I laugh, but it comes out as a sob.
“You’ll run for Canada again,” he wheezes, urgently. “You’re that good. I just know it.”
I can’t tell him how my luck is up.
“It doesn’t matter,” I say. “What matters is you getting better.”
Now he turns from me, furious, stares at the wall, the crumbling hole. Slowly, it comes to me that the hole is fist-size, the shape of his fist. He is burning, again.
“I’m sorry,” I say. “I only meant . . .”
“Not getting better.” Low, in his chest. He starts up the coughing.
I don’t understand his anger, but then, I’ve never understood it. We do not come from angry people, we Smarts. We are born whimsical, maybe, impractical, perhaps, a little bit baffled at the machinations of the world around us, a little bit lost. But not angry, not that. Even Cora, who has trained as a nurse and now works alongside our mother, with the goal of applying different principles to the troubles that come seeking their help—even Cora does her best to engage, to connect with the strangeness of the world in a way that will do no harm. George. He seems to want to do harm. Or it seems that he can’t help himself. He will rage. He will lose control and fury will spill from him, he is made impatient—or is it terrified?—by the world around him, and what it owes him, and what it will never yield to his demands.
He wasn’t always like this. Remember that. Forgive him.
“I’m sorry,” I’m saying to George, but he won’t look at me. I’ve lit his invisible, unquenchable fuse.
Tattie hurries to attendance, gently urging me to standing. “It’s lovely of you to come, Aggie. We thank you.” She doesn’t pretend that George will say good-bye. She doesn’t pretend that our parting, now, can be anything other than abrupt.
“George,” I’m saying. “I’m so sorry.”
Tattie pats my shoulder and pushes me toward the door that leads outside, and opens directly into this room. I do not need to retrieve my hat, which I haven’t removed.
“I’m sorry, I’m sorry.”
I don’t say good-bye, I don’t get the chance, or understand that I am leaving, maybe that’s what happens. The door is right there in the same room. Tattie and I are outside quite suddenly. Tattie comes with me onto the crumbling stoop, pulls shut the door behind us, tugs the edges of her sweater close at her neck even though it isn’t cold out here—it is very nearly hot. Her hair is covered with a dull-coloured kerchief, tied at the back of her neck.

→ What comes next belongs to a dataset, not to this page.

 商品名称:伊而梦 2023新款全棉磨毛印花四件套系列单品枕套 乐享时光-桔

I am shocked to hear birds.
I dig around in my purse for what money I have, next to nothing, really, loose silver coins and a few copper pennies, which she accepts, thanking me.
I am speechless.
Tattie is waiting for me to leave, and when I don’t, she nods without looking directly at me, and goes back inside to the crowded room, shutting the door behind her. I hope this garden belongs to their family. It is only a few feet in diameter, but healthy with greens and tomatoes and runner beans, reminding me of our garden on the farm. I push open the gate in a daze and turn into the alleyway and walk the short distance to the busy street, and then, farther, to one even busier.
My eyes are fixed in their inward focus. I turn down another busy street, a good head taller than any other woman walking here, bumping shoulders with the men.

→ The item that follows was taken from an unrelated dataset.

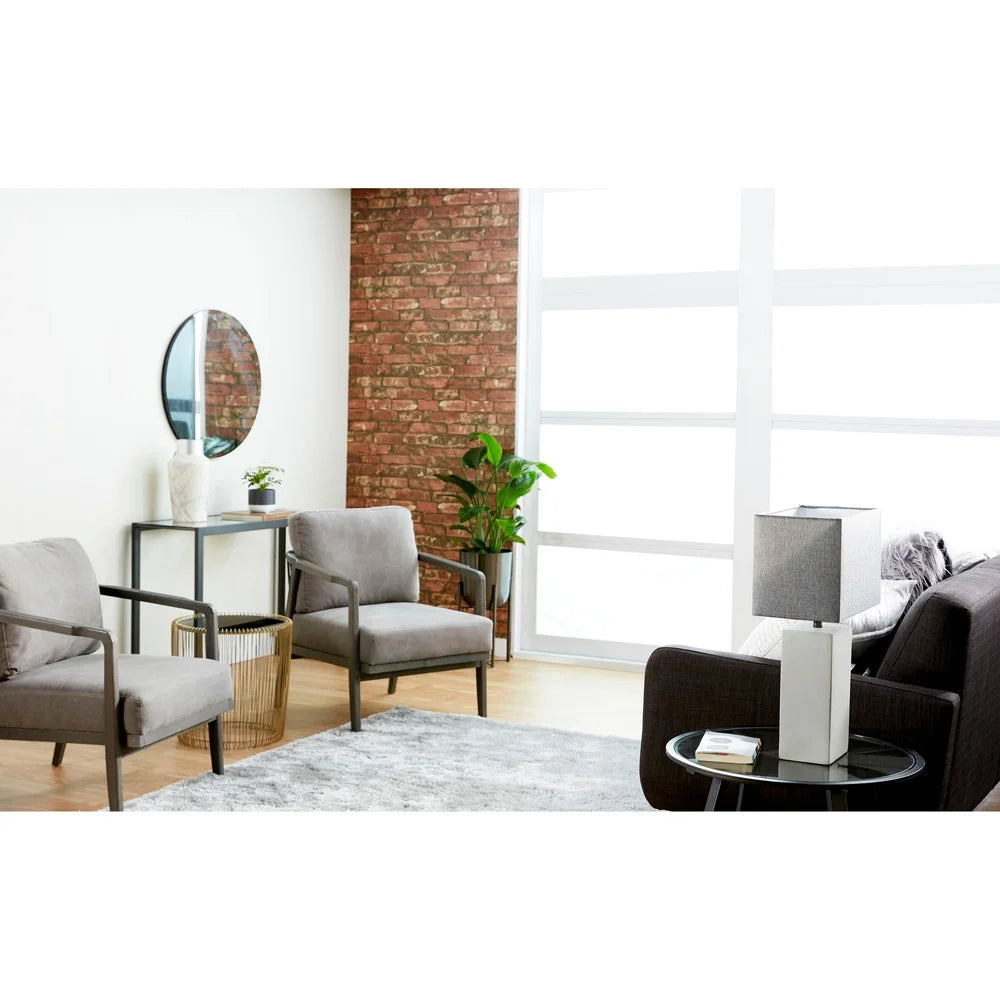 - This table lamp is crafted of solid and lasting cement, linen, and iron

“Watch where you’re going!” “Look alive!” “Now see here—”
I spot a narrow opening between two storefronts, a passageway for rats. I press between the buildings and slide down the wall until I am sitting on the damp, filthy ground. I can sell the fur coat. I can sell the gold medal. But it won’t be enough.

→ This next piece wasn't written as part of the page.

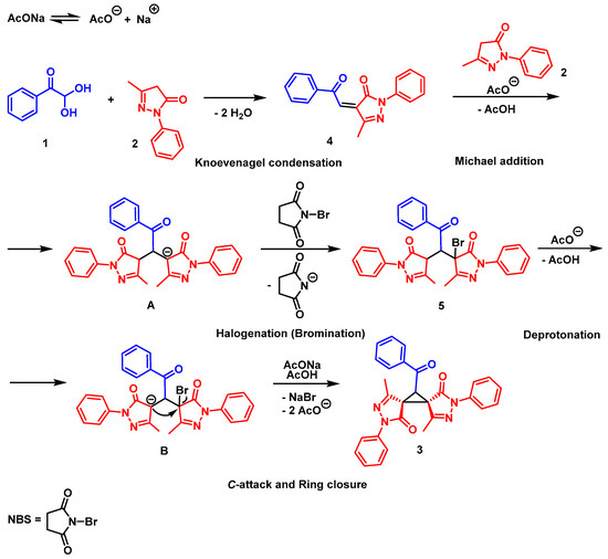 Cyclopropanes are important in drug discovery because their unique structure, including inherent three-dimensionality, can enhance a drug’s properties, such as metabolic stability, target binding, and membrane permeability. In this communication, (5R*,6R*) 11-benzoyl-4,10-dimethyl-2,8-diphenyl-2,3,8,9-tetraazadispiro[4.0.46.15]undeca-3,9-diene-1,7-dione was prepared via a stereoselective one-pot reaction of phenylglyoxal hydrate with two equivalents of 5-methyl-2-phenyl-2,4-dihydro-3H-pyrazol-3-one in EtOH in the presence of sodium acetate and N-bromosuccinimide. The structure of the newly synthesized compound was established by 1H and 13C NMR, IR spectroscopy, high-resolution mass spectrometry, and elemental analysis.

I am as alone as ever I will be. I’m glad to say so. I’m glad there is this moment, because never will I be so very alone again.
In my head I begin composing a letter to Miss Alexandrine Gibb.
August 21, 1931
Dear Miss Gibb,
For your help in the past, I thank you. I write to you now not for myself, but for the sake of a family thrown into desperate means, and whom I must now support, for that family belongs to me, in one way or another. I am not asking for a handout. I need a job, better suited than the one I have. I would like to work for you.
Sincerely yours,
Miss A. Smart
August 27, 1931
Dear Miss Smart,
I’ve found an opening here at the paper for a copy girl. If you stick it out, I will find you something better.
Sincerely,
Miss A. Gibb
SMART, GEORGE. Formerly of Stony Hill Farm, New Arran, Ontario, and lately of Toronto, Ontario. Died suddenly at the age of twenty-nine. Bravely faced a life of illness. Much-loved brother and son. May he rest in peace.
17
The Obits
THE INSIDE OF THE CAR smells of forgotten sandwich crusts, spilled coffee, mouldering plastic.
Here is Fannie to warn me against folly, coming in through the car door, sliding behind the steering wheel.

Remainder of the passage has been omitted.